Material provided >>
════════════════
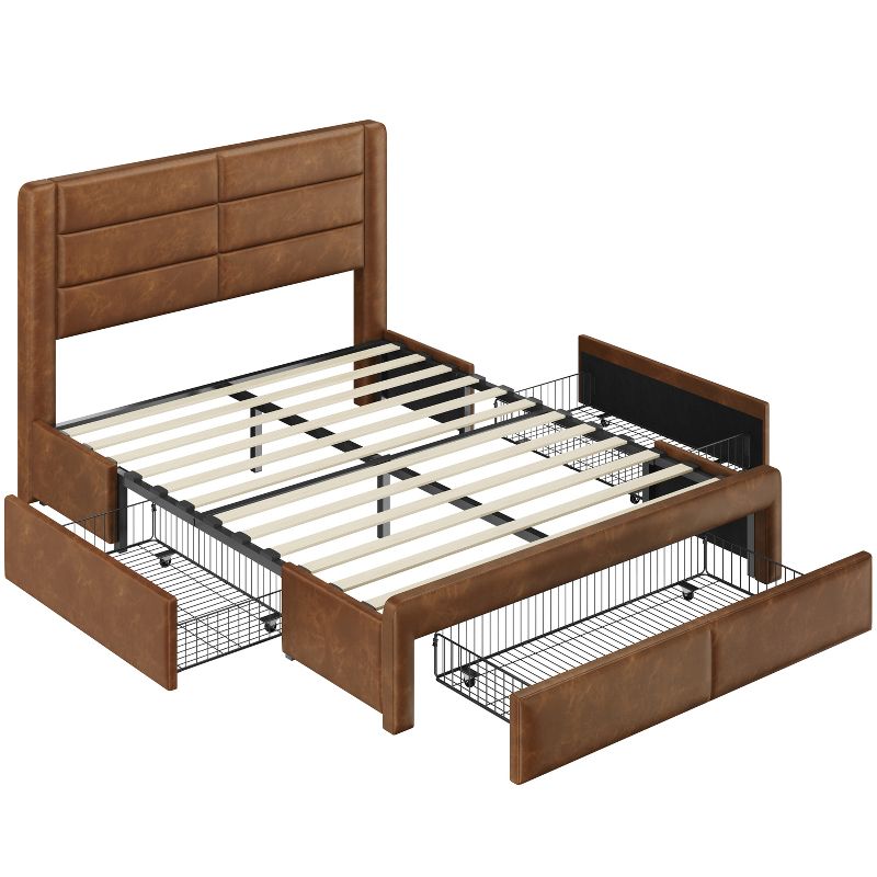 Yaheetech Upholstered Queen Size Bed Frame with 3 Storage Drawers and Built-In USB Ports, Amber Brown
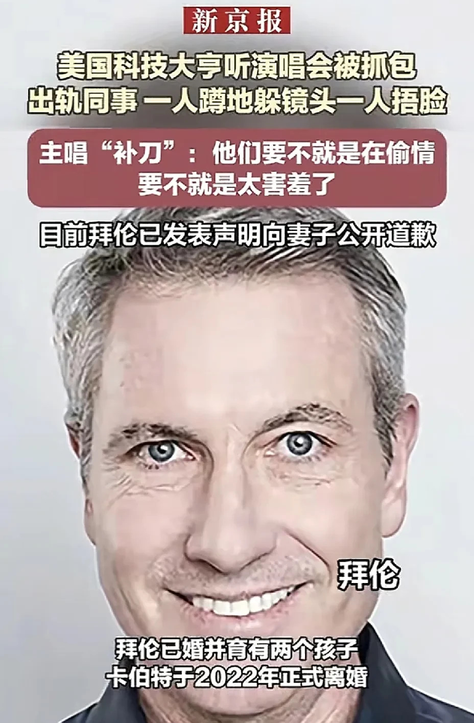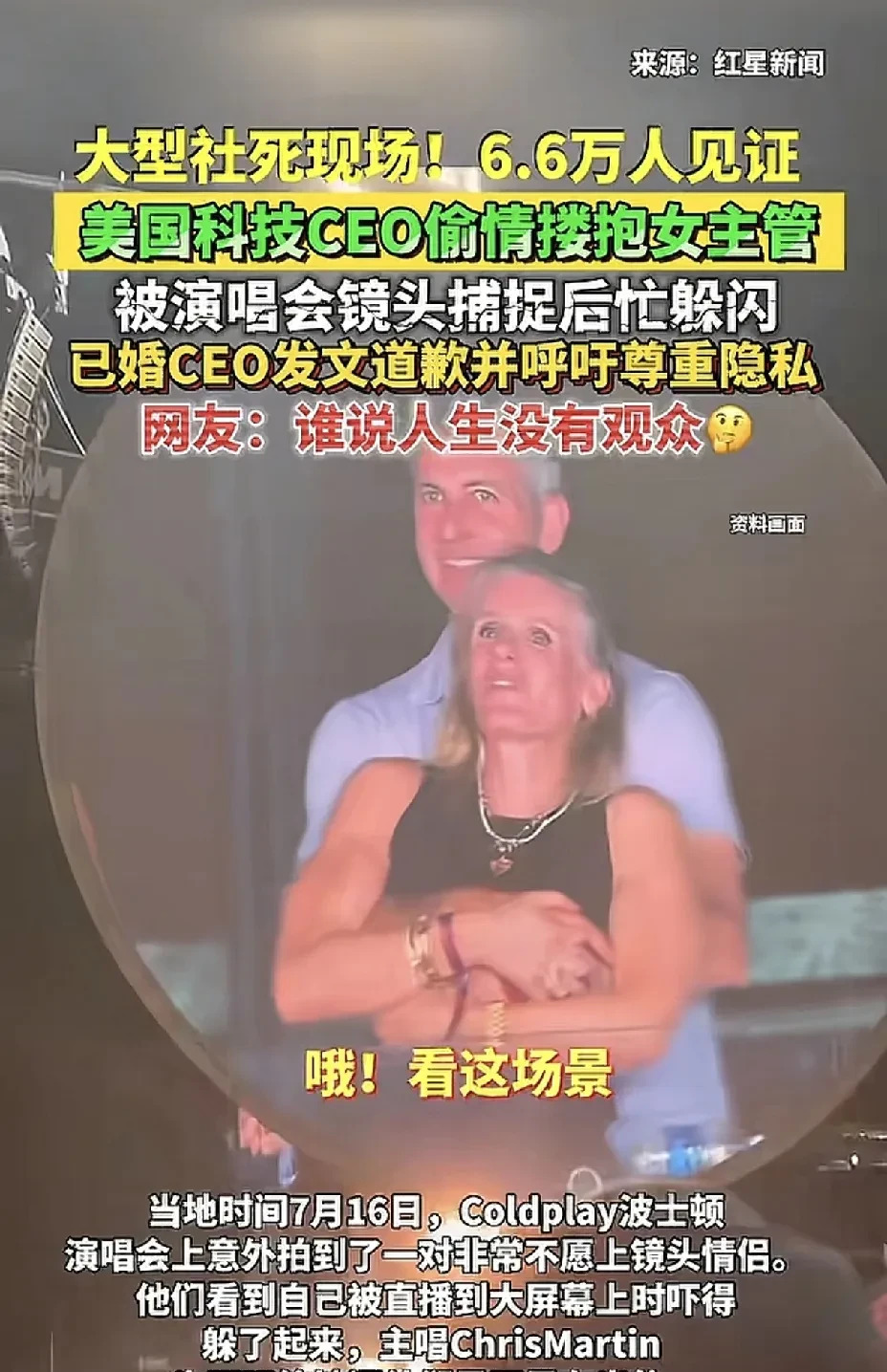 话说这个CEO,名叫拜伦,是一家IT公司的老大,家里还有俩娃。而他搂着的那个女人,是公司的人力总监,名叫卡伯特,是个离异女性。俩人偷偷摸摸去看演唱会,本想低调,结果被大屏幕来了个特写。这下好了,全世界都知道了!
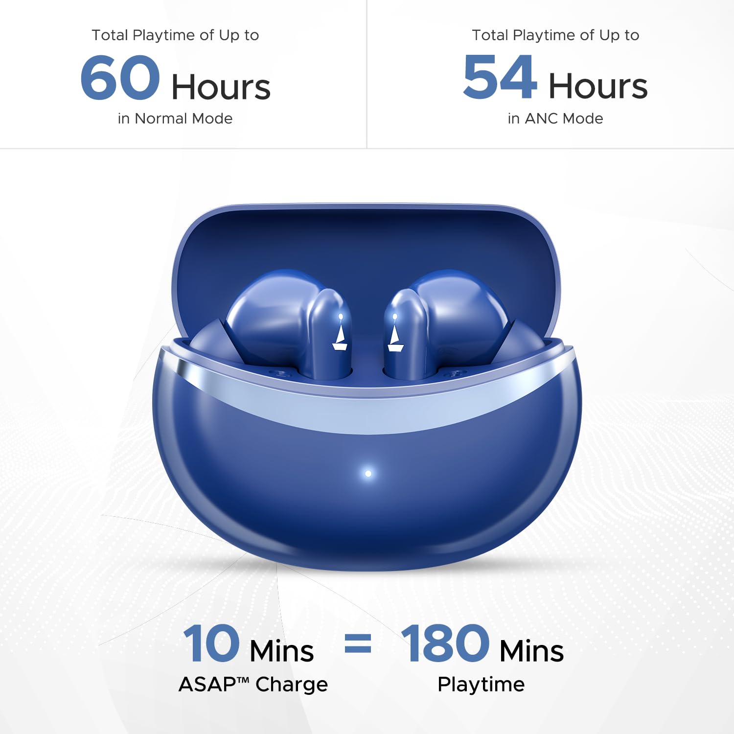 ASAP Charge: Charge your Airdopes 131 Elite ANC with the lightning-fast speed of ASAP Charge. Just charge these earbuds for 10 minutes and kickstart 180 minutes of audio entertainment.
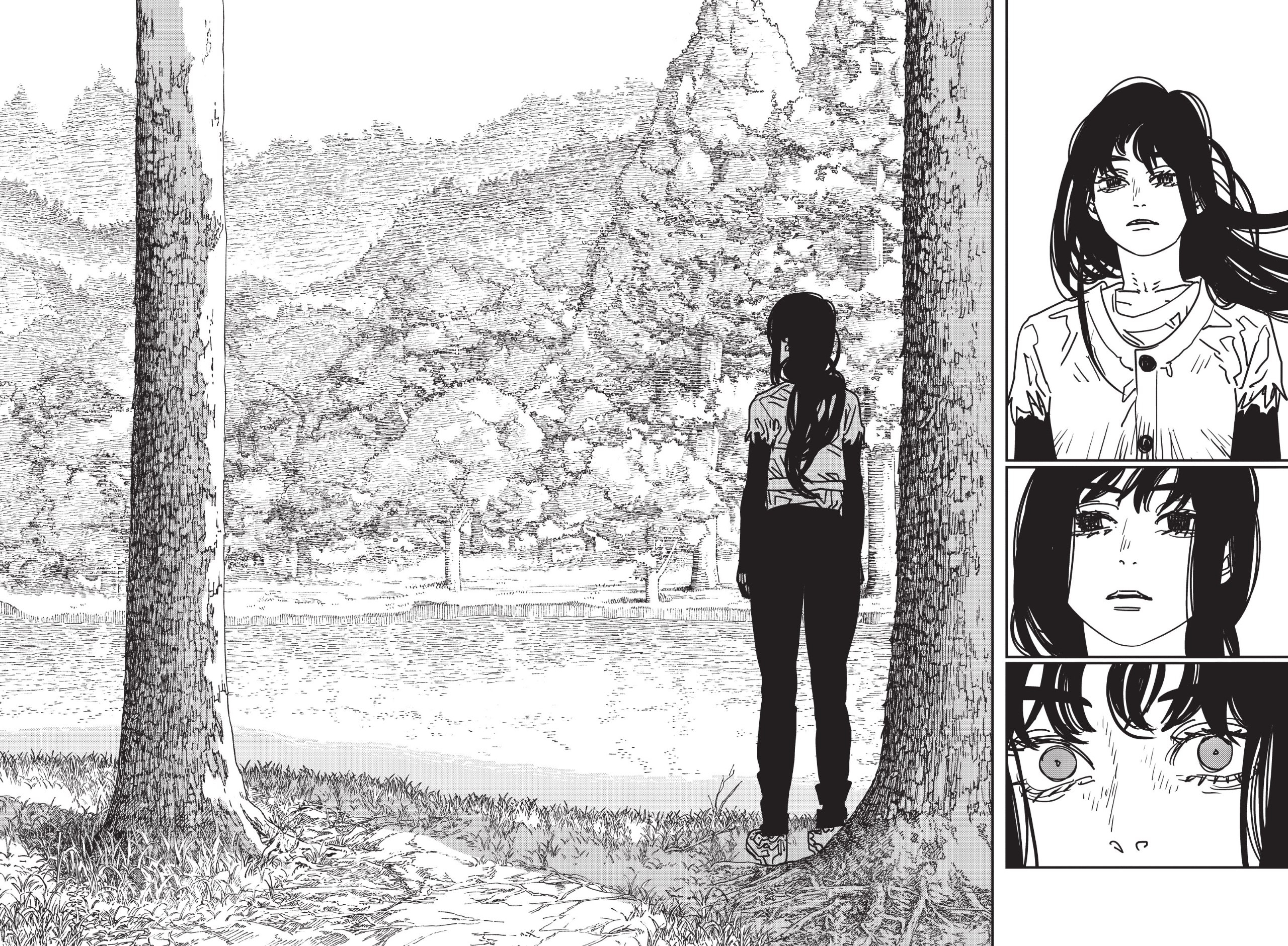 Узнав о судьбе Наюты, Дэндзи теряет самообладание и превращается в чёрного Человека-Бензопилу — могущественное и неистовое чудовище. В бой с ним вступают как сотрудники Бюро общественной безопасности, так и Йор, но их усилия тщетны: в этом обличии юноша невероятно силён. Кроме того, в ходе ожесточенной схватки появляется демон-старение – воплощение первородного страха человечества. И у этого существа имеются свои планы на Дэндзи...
════════════════
The task >>
Say again, word for word, the lines beginning at the top of the data and ending with the line that has "话说这个CEO,名叫拜伦,是". Skip the pictures.

Solution to the exercise >>
 Yaheetech Upholstered Queen Size Bed Frame with 3 Storage Drawers and Built-In USB Ports, Amber Brown
 话说这个CEO,名叫拜伦,是一家IT公司的老大,家里还有俩娃。而他搂着的那个女人,是公司的人力总监,名叫卡伯特,是个离异女性。俩人偷偷摸摸去看演唱会,本想低调,结果被大屏幕来了个特写。这下好了,全世界都知道了!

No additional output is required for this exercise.